Archival serum samples from elderly individuals with underlying chronic obstructive pulmonary disease (COPD) who were enrolled in a double-blind case-control study of seasonal influenza vaccine efficacy were assayed for cross-neutralizing antibody formation to avian influenza A (H5N1) virus. Of 118 serum samples, 58 were collected from influenza vaccinees (mean age 68.5 y), and 60 from placebo controls (mean age 68.4 y) who received vitamin B injections. Blood samples were collected before and at 1 mo after seasonal influenza vaccination from all subjects; in addition, for a longitudinal follow-up period of 1 y paired-blood samples were collected again from subjects who developed acute respiratory illness. Hemagglutination inhibition assay for antibodies to influenza A (H1N1), influenza A (H3N2), and influenza B viruses was carried out to determine the serological response to vaccination, and to diagnose influenza viral infection, while microneutralization assays were performed to detect cross-reactive antibody to H5N1 virus. Pre-existing cross-reactive H5N1 antibody at reciprocal titer 10 was found in 6 (10.3%) vaccinees and 4 (6.7%) placebo controls. There was no change in H5N1 antibody titer in these subjects after vaccination. On the other hand, 3 (5.2%) vaccinees developed seroconversion to H5N1 virus at 1 mo after vaccination, even though they had no pre-existing H5N1 antibody in their first blood samples. No cross-neutralizing antibody to H5N1 virus was detected in the placebo controls or in the 22 influenza patients, suggesting that influenza vaccination, but not influenza virus infection, induces cross-neutralizing antibody against avian influenza H5N1 virus.

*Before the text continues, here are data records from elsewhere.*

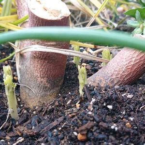 おはようございます。ニョキニョキと新芽が出てきました!!今年も大きな花が見れるかな~
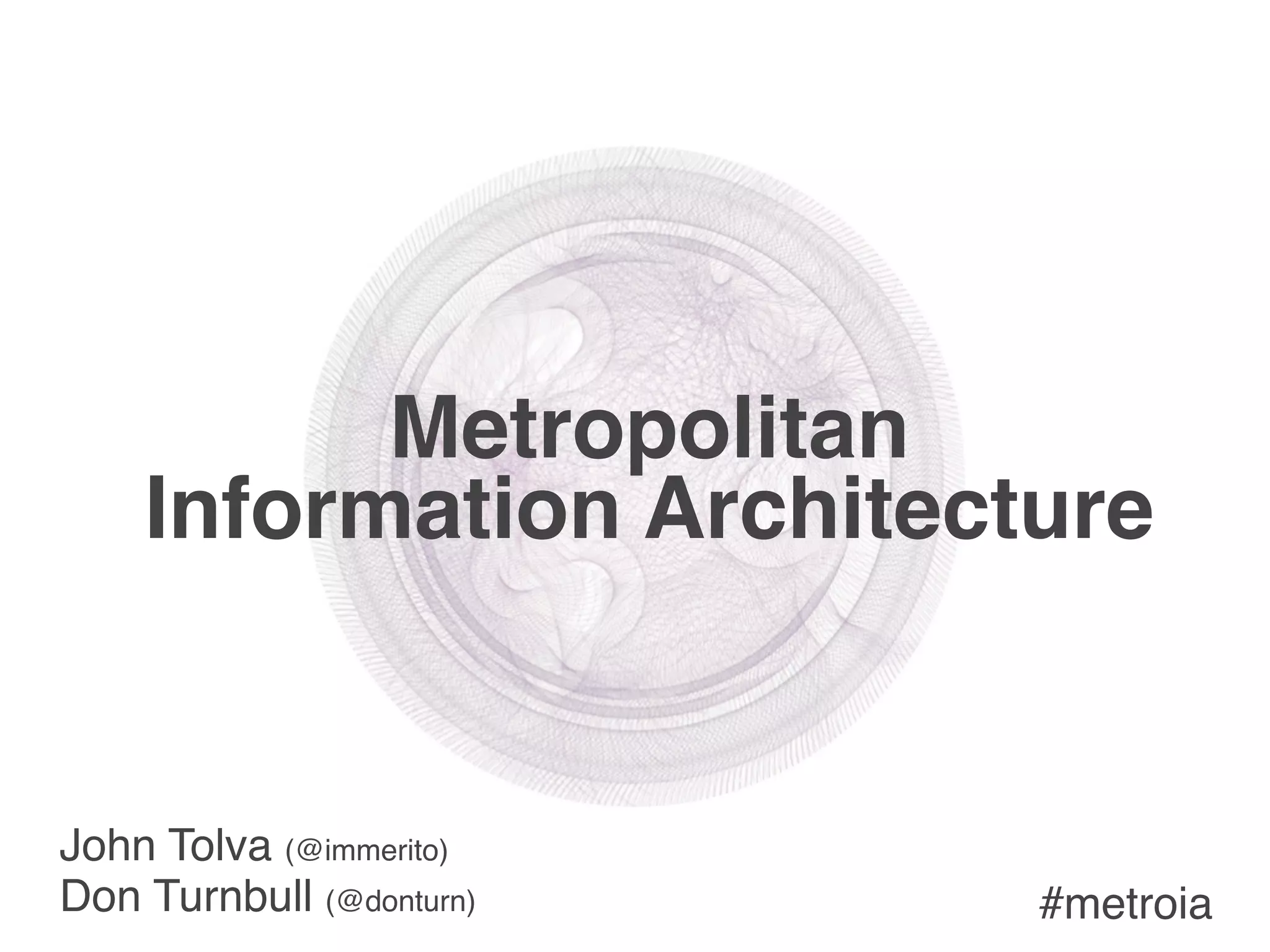 This document discusses the increasing urbanization of the world's population and the rise of "metropolitan information architecture." It notes that more than half the world's population now lives in cities, and this number is projected to rise to 70% by 2050. It argues that cities are increasingly defined by their information systems and digital infrastructure, and explores how to design cities that are shaped as much by their information architecture as their physical architecture.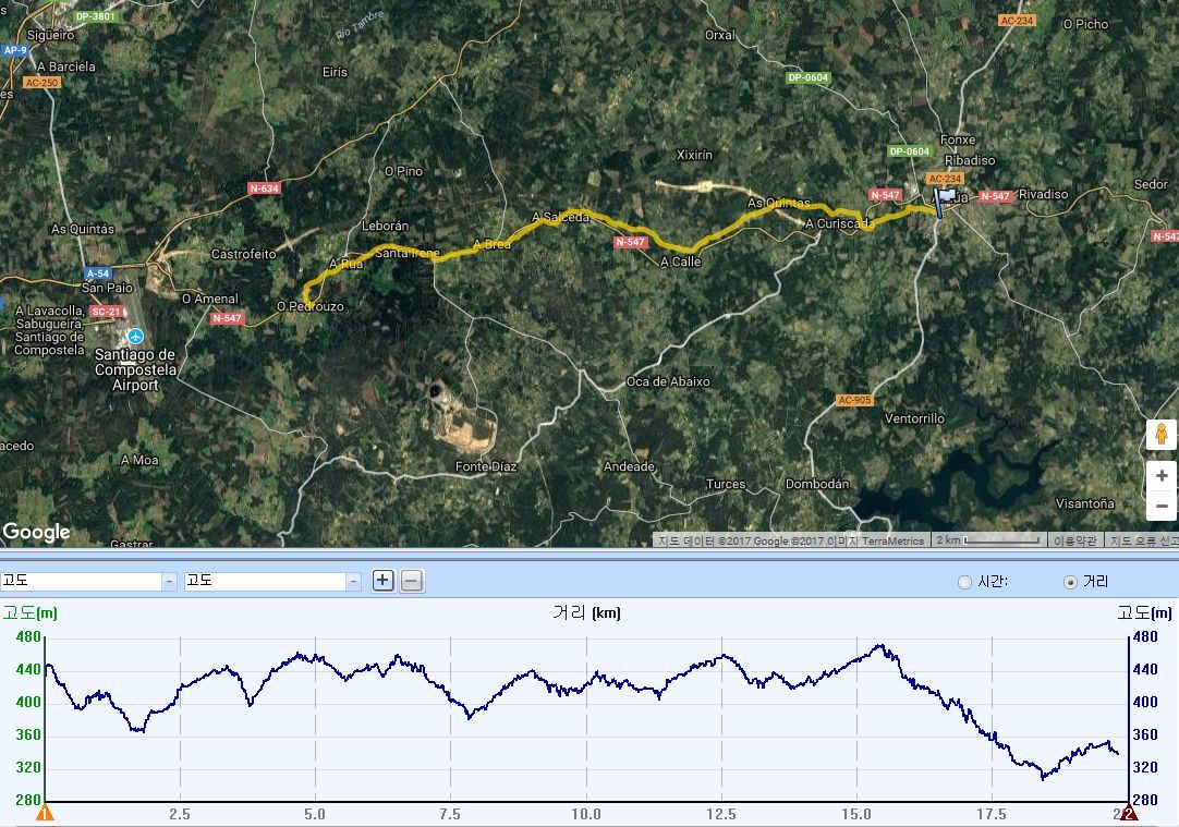 주요지점 Arzúa ~ A curiscada ~ A Calle ~ O Pedrouzo

从患有潜在慢性阻塞性肺疾病(COPD)的老年个体中采集存档的血清样本,这些个体参加了季节性流感疫苗功效的双盲病例对照研究,用于检测针对甲型流感(H5N1)病毒的交叉中和抗体形成。在 118 份血清样本中,有 58 份来自流感疫苗接种者(平均年龄 68.5 岁),60 份来自接受维生素 B 注射的安慰剂对照者(平均年龄 68.4 岁)。所有受试者在接种季节性流感疫苗前和接种后 1 个月采集血液样本;此外,对于 1 年的纵向随访期,从发生急性呼吸道疾病的受试者中再次采集配对的血液样本。进行血凝抑制试验以检测针对甲型流感(H1N1)、甲型流感(H3N2)和乙型流感病毒的抗体,以确定疫苗接种的血清学反应,并诊断流感病毒感染,同时进行微量中和试验以检测对 H5N1 病毒的交叉反应性抗体。在 6 名(10.3%)疫苗接种者和 4 名(6.7%)安慰剂对照者中发现了 H5N1 抗体的交叉反应性抗体,其滴度为 10。这些受试者在接种疫苗后 H5N1 抗体滴度没有变化。另一方面,3 名(5.2%)疫苗接种者在接种疫苗后 1 个月发生了 H5N1 病毒血清转化,尽管他们在第一次血液样本中没有预先存在的 H5N1 抗体。在安慰剂对照者或 22 名流感患者中均未检测到针对 H5N1 病毒的交叉中和抗体,这表明流感疫苗接种而不是流感病毒感染可诱导针对甲型流感 H5N1 病毒的交叉中和抗体。